SEJARAH ISLAM DI NUSANTARA

 



Dilihat dari atas, gugus kepulauan Nusantara, panggung bagi banyak hal yang akan dituturkan selanjutnya dalam buku ini, membentang dari Teluk Benggala ke Samudra Pasifik. Begitu pula, Semenanjung Melayu sudah lama merupakan bagian tak terpisahkan dari Nusantara. Bandar-bandarnya, dan bandar-bandar daratan utama dari Teluk Thailand hingga Tiongkok Selatan, terhubung erat dengan berbagai negara yang terletak di pulau-pulau besar seperti Sumatra, Kalimantan, Sulawesi, dan Kepulauan Maluku yang lebih jauh ke timur. Di utara pulau-pulau itu, sebagai bagian dari jaringan perdagangan yang sama, terdapat Pulau Jawa serta pulau-pulau Bali, Lombok, dan Sumbawa.

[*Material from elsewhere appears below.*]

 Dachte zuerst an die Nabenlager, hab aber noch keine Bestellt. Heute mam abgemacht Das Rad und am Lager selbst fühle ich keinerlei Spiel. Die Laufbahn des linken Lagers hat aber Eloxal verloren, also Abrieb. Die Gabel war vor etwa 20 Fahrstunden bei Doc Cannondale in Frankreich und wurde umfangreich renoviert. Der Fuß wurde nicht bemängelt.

Sejak awal Masehi para penguasa di kawasan barat Nusantara berbagi budaya istana yang bercorak India dan mendapat keuntungan dari kehadiran para pedagang asing. Hal ini terjadi karena Asia Tenggara berada di persimpangan dua zona perdagangan kuno yang penting. Yang pertama meliputi Samudra Hindia, sedangkan yang lain menyusuri Laut Tiongkok Selatan. Bahkan, pengetahuan kita mengenai kerajaan-kerajaan Asia Tenggara paling awal berasal dari berbagai catatan berbahasa Tiongkok yang merekam kedatangan para utusan dengan nama-nama yang tampaknya merupakan nama muslim.

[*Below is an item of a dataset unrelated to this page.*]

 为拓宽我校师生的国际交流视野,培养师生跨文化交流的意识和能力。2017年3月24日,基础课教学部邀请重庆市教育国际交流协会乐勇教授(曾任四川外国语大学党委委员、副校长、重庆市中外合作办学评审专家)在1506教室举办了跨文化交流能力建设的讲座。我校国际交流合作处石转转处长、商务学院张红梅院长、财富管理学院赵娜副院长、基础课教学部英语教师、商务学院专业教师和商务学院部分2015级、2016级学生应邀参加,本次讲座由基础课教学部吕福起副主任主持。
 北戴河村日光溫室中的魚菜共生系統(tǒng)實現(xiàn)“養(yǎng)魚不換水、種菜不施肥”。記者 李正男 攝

Dari arah lain, kita memiliki laporan-laporan berbahasa Arab mengenai berbagai rute pelayaran dari Teluk Persia ke pelabuhan-pelabuhan di Tiongkok Selatan dengan titik tumpu di Selat Malaka. Di sana, para kapten menunggu perubahan angin monsun untuk membawa mereka melanjutkan perjalanan atau kembali pulang, sementara perdagangan dalam kepulauan memasok rempah-rempah, getah, bulu burung langka, dan wewangian yang mahal ke kapal yang sudah dipenuhi muatan kain, keramik, dan barang pecah belah. Walaupun ada beberapa petunjuk mengenai orang-orang Muslim awal yang singgah di kawasan ini, Islam sebagai sebuah agama negara terbentuk belakangan. Selama paruh kedua milenium pertama, pelabuhan-pelabuhan di sepanjang Selat Malaka tampaknya membayar upeti pada Kerajaan Sriwijaya (atau kepada yang mengklaim sebagai pewarisnya). Para penguasa Sriwijaya yang berpusat di sekitar bandar-bandar di Sumatra Timur menyokong Buddhisme Mahayana dan meninggalkan warisan keagamaan hingga sejauh Biara Nalanda di Bihar, India. Mereka mengirimkan misi ke Tiongkok melalui Guangzhou dan kemudian Quanzhou, bandar besar di selatan yang didirikan di bawah pemerintahan Dinasti Tang (618–907). Di sisi lain, laporan-laporan Arab, yang menyebut Quanzhou sebagai tujuan terakhir Zaytun, tampaknya sekadar menyadari keberadaan Sriwijaya secara samar dan hanya menyebut seorang “Maharaja” besar yang mengklaim pulau-pulau di sebuah kawasan yang dinamakan “Zabaj”. Ibu kotanya bias dikenali berdasarkan sebuah bandar kosmopolitan dan “gunung api” yang selalu membara di dekatnya.